The last supper is a depiction of Jesus with his twelve disciples taking the Passover meal. Passover is the meal Jews eat every year in accordance with instructions given to them in the book of Exodus, which outlines the escape of their ancestors from slavery in Egypt, and Jesus chose this meal as his last.


A key component in the Passover meal is roast lamb, which signifies the lambs blood painted onto door frames, to protect the people of Israel from the last plague to afflict Egypt, the taking of the first born sons of every household, "The blood will be a sign for you on the houses where you are, and when I see the blood I will pass over you." (Exodus 12:13). Passover is a festival which celebrates the liberation of a people from slavery and suffering, and yet, it is complex. Israel did escape from Egypt, but not into a land of milk and honey, instead they found themselves in a desert, where they wondered, grumbling and uncomfortable for 40 years.


As Spencer attempted to find a visual language that could offer hope to his nation, after the calamity of a terrible war, he recognized the power and subtlety of the Christian and Jewish story, to speak to the confusion and tragedy which rational explanation simply could not handle. Europe had literally just suffered a plague of the kind described in Exodus, and on the other side of it, those who had survived were very much in a desert of grief and loss, not only of those they loved but of meaning itself. The price paid for liberty seemed rather too high, and many became despondent and cynical.

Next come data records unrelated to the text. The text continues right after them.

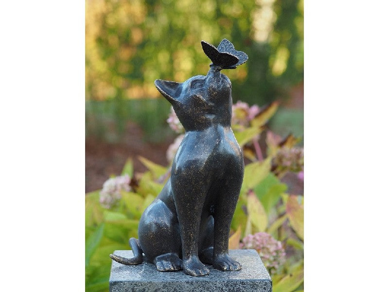 Bronzen beeld Kat met vlinder 38x16x25cm
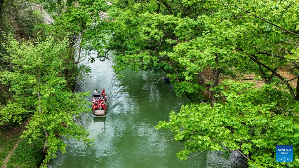 GUANGNAN, 18 marzo, 2026 (Xinhua) -- Imagen tomada con un dron el 17 de marzo de 2026 de turistas realizando un paseo en bote en un área escénica, en la aldea de Bamei del distrito de Guangnan, en la prefectura autónoma zhuang y miao de Wenshan, en la provincia de Yunnan, en el suroeste de China. (Xinhua/Peng Yikai)
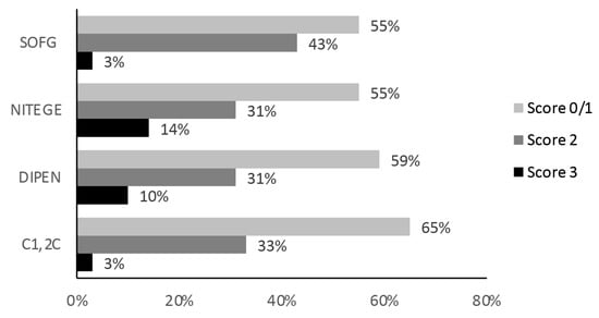 The score frequencies for each of the parameters investigated in the ROIs.
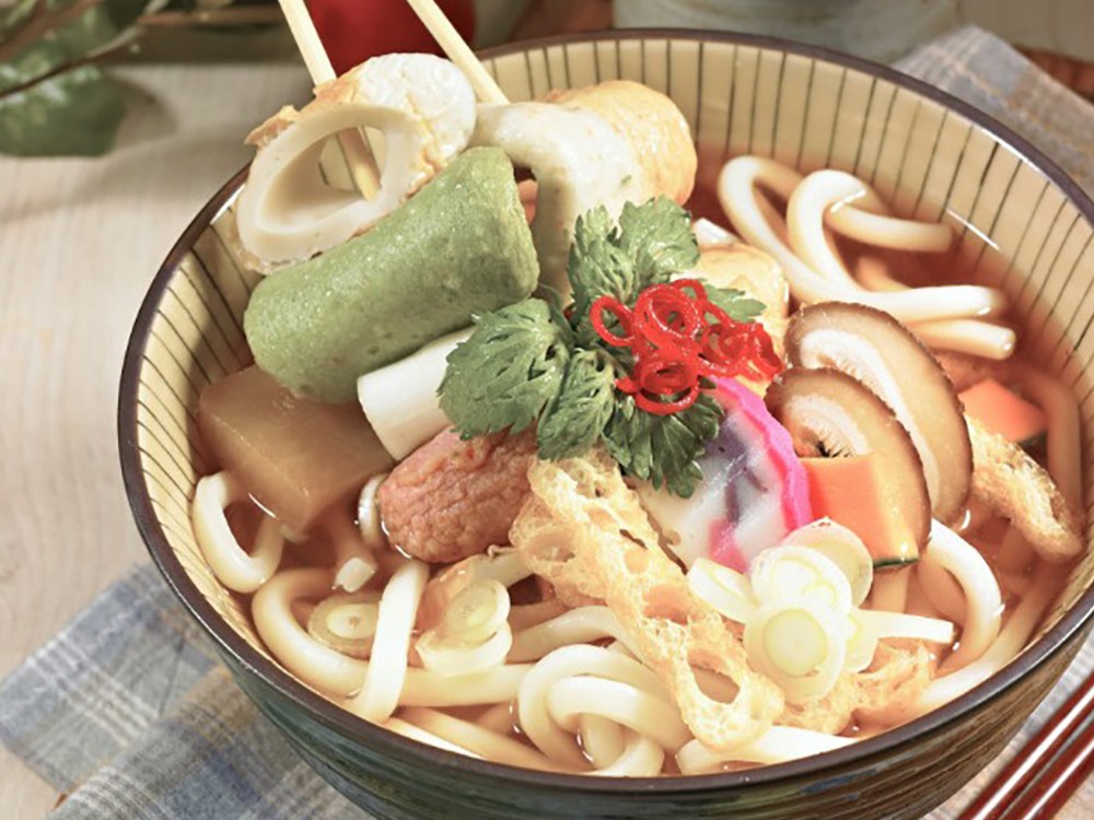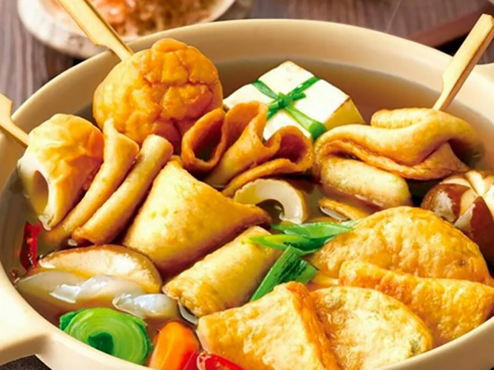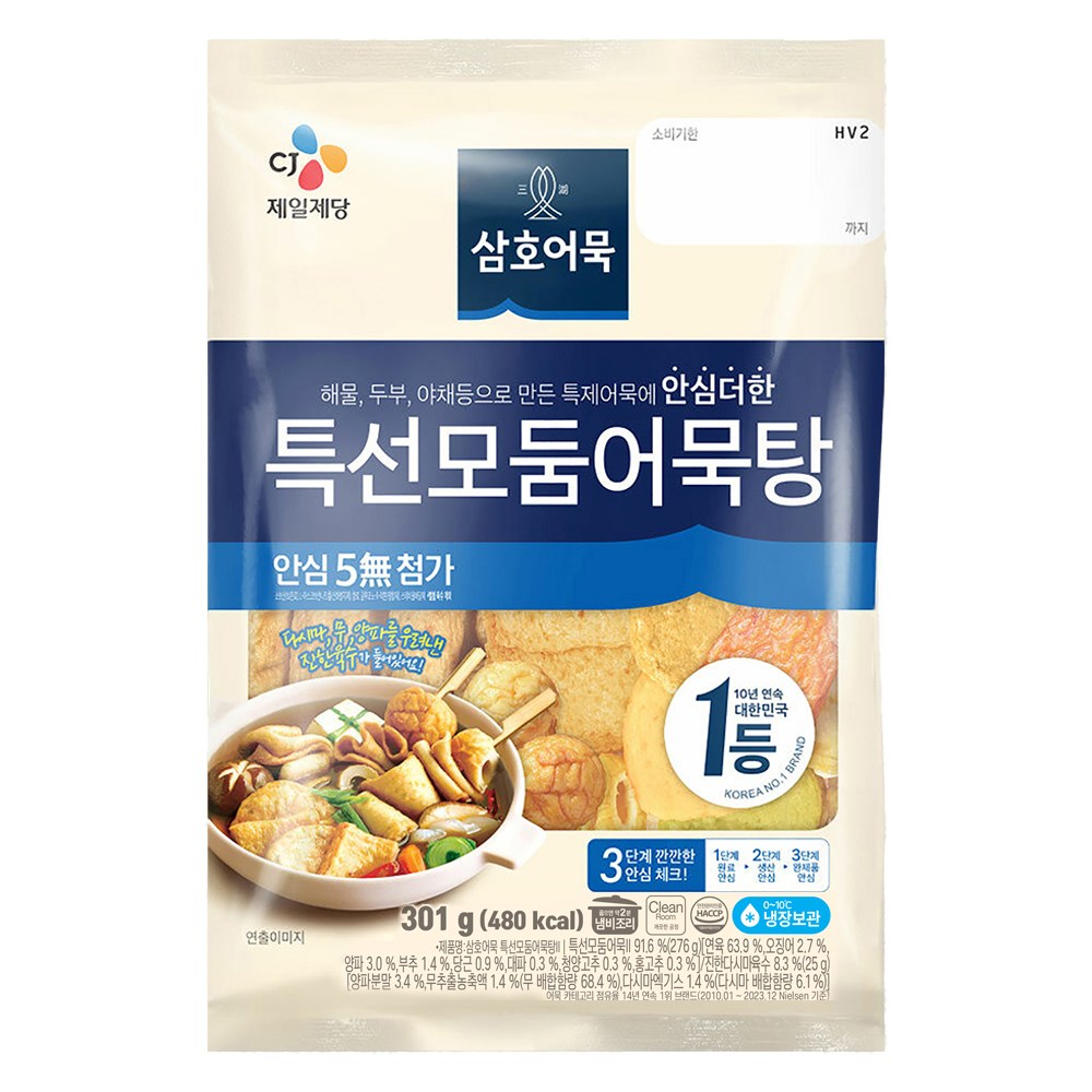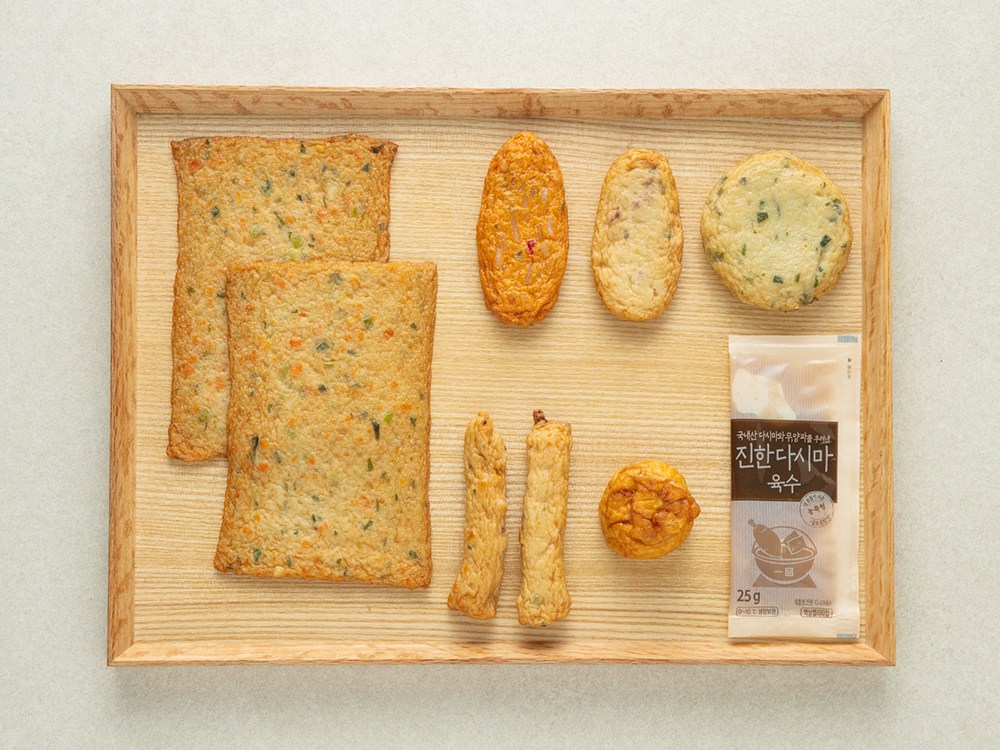 야채사각, 고추 당면 완자, 해물봉, 해물완자, 두부볼, 감자 부추 어묵, 진한 다시마 육수로 구성되어 있습니다.
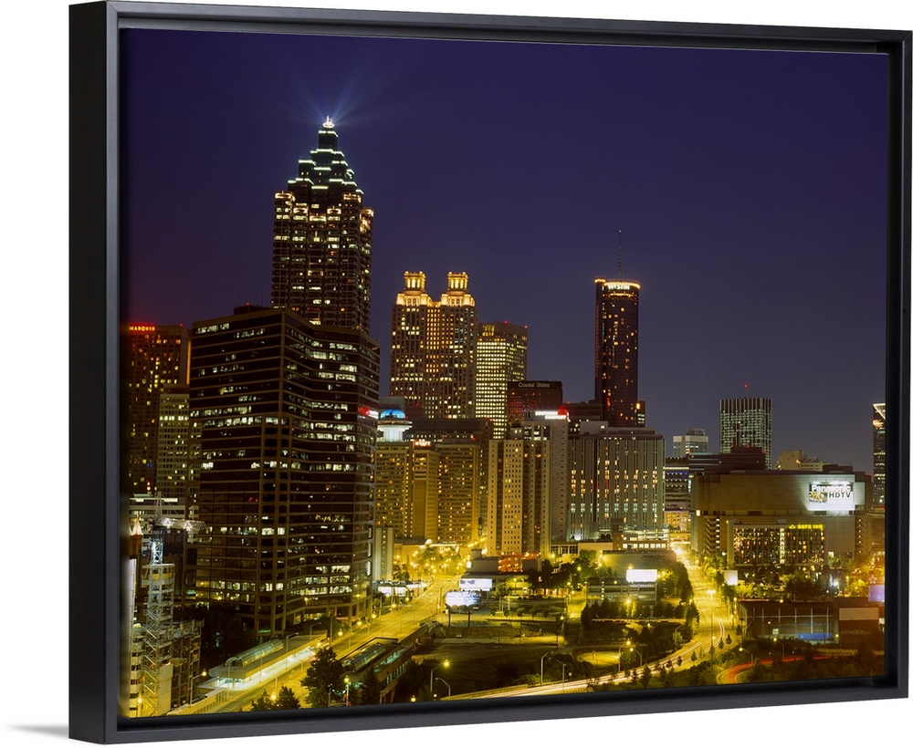 <p>Large photograph displays a busy capital city in the Southeastern United States as the lights of tall buildings and skyscrapers illuminate the nighttime sky. Photographer uses a slow shutter speed to get the effect of fast moving lights on the cars.</p>

Spencer's insightful genius led him to recognize the deep implications of the Christian festival of Easter, as it reinterpreted Passover. In the supper which Jesus ate with his disciples, there was no lamb, instead, Jesus broke bread and offered it to his disciples telling them that it was 'his' body, he then gave them the wine telling them that it was 'his' blood, essentially, he chose to become the lamb. What Spencer recognized so brilliantly was that the Last Supper describes the ultimate solution to suffering and sacrifice, that it is only made sensible when undertaken in the service of others. Spencer saw that the Last Supper describes the reversal of the sacrificial system, it doesn't describe an end to suffering, but a means by which suffering can be transmuted, by replacing the sacrifice of others, with the sacrifice of self.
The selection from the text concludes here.